--- START ---

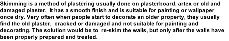 Office 0207 504 1235 Call Free 0800 061 2208 From Repairs to Complete houses SKIMMING PATCHING & REPAIRS DRY LINING We are able to do wet plastering, dot and dabbing and float and set. We can transform your room into a perfect condition using plastering  methods that will suit the style of room or house. We have the expertise to offer a quality job at affordable prices RENDERING
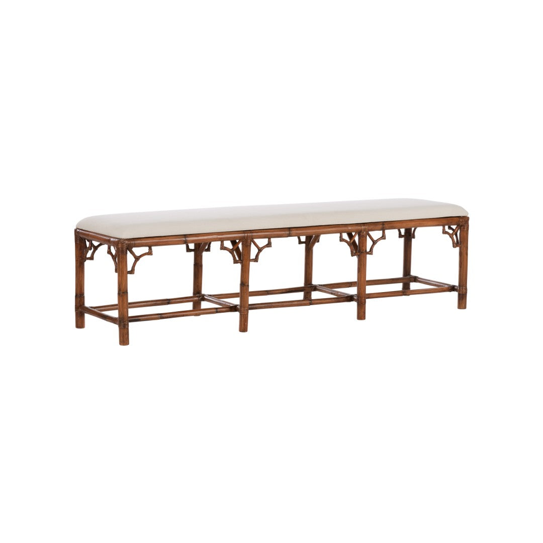 Elevate your entryway, seating area, or bedroom with this Chippendale-style bamboo bench that blends traditional lattice detailing with warm, natural materials. Expertly crafted from rattan and bamboo, it offers sturdy everyday seating while adding a refined, timeless accent to your décor.
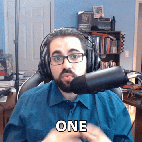 Inhaltsbeschreibung: a man wearing headphones and a blue shirt says " one "
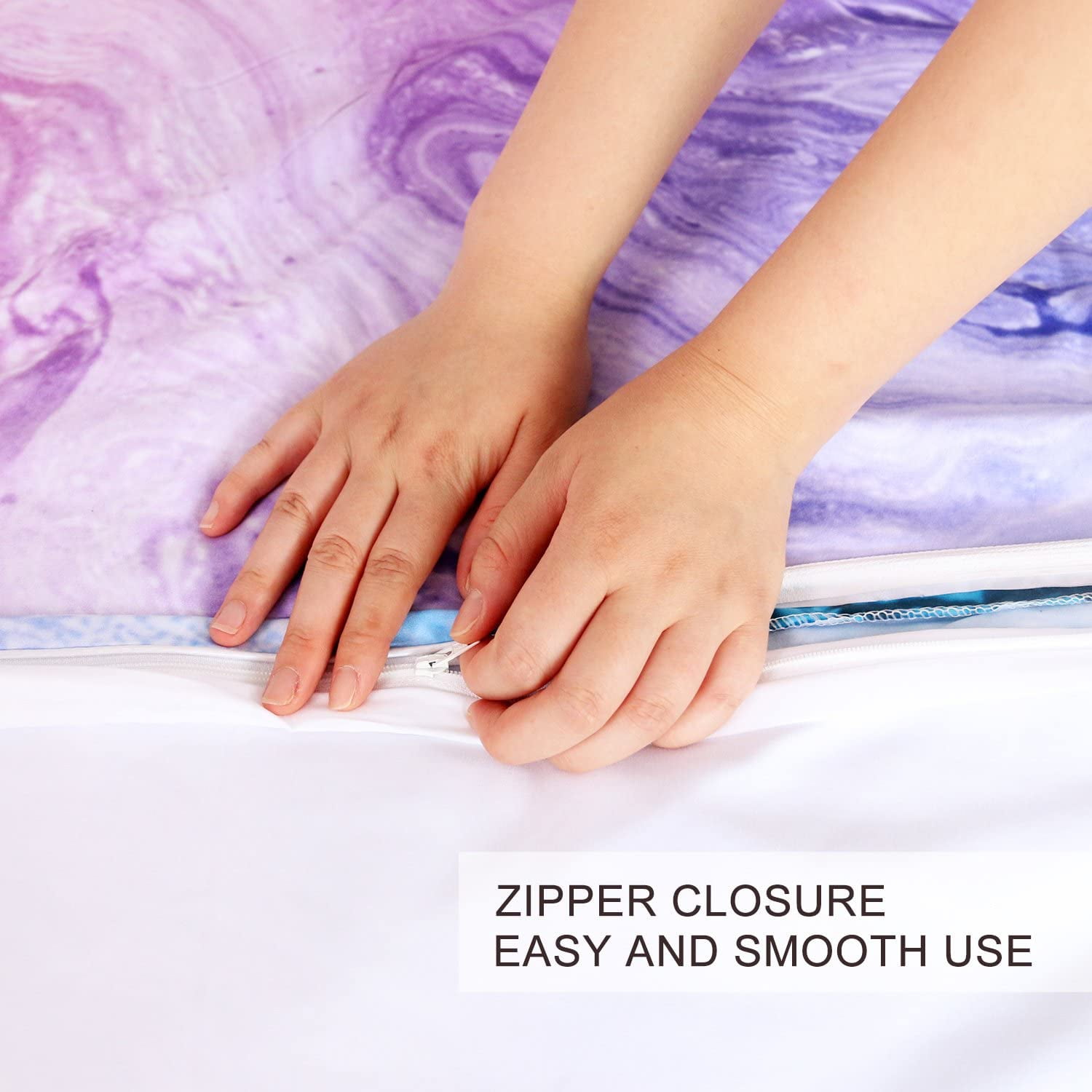 BREATHABLE SOFTNESS – Softness and warmth breathable & hypoallergenic, stronger and more durable than cotton, microfibers are processed to protect against any shrinkage after washing.COLORFUL MARBLE PATTERN – An abstract multicolored marble texture creates this eye-catching girly bedding set. Can’t get anymore awesome than that.PERFECT FIT – This 3 Piece Twin Duvet Cover Set Includes: One Duvet Cover 68" x 86", and Two Pillow Shams 20" x 26" each. NOTE: Set DOES NOT include any INSIDE FILLERS AND ACCESSORIES.CLEAN DESIGN – Duvet cover has nonslip corner ties and hidden zipper closure; shams are finished neat with envelope closures.WE’VE GOT YOU COVERED – "Customers first" will be our unchanging promise to consumers. If for any reason you decide that this duvet cover set is not for you, you are covered by our 90 day, no questions asked, money back guarantee.

--- END ---

● Task instructions
Nothing but an exact copy of the data, without pictures, should be returned.

● Task solution
 Office 0207 504 1235 Call Free 0800 061 2208 From Repairs to Complete houses SKIMMING PATCHING & REPAIRS DRY LINING We are able to do wet plastering, dot and dabbing and float and set. We can transform your room into a perfect condition using plastering  methods that will suit the style of room or house. We have the expertise to offer a quality job at affordable prices RENDERING
 Elevate your entryway, seating area, or bedroom with this Chippendale-style bamboo bench that blends traditional lattice detailing with warm, natural materials. Expertly crafted from rattan and bamboo, it offers sturdy everyday seating while adding a refined, timeless accent to your décor.
 Inhaltsbeschreibung: a man wearing headphones and a blue shirt says " one "
 BREATHABLE SOFTNESS – Softness and warmth breathable & hypoallergenic, stronger and more durable than cotton, microfibers are processed to protect against any shrinkage after washing.COLORFUL MARBLE PATTERN – An abstract multicolored marble texture creates this eye-catching girly bedding set. Can’t get anymore awesome than that.PERFECT FIT – This 3 Piece Twin Duvet Cover Set Includes: One Duvet Cover 68" x 86", and Two Pillow Shams 20" x 26" each. NOTE: Set DOES NOT include any INSIDE FILLERS AND ACCESSORIES.CLEAN DESIGN – Duvet cover has nonslip corner ties and hidden zipper closure; shams are finished neat with envelope closures.WE’VE GOT YOU COVERED – "Customers first" will be our unchanging promise to consumers. If for any reason you decide that this duvet cover set is not for you, you are covered by our 90 day, no questions asked, money back guarantee.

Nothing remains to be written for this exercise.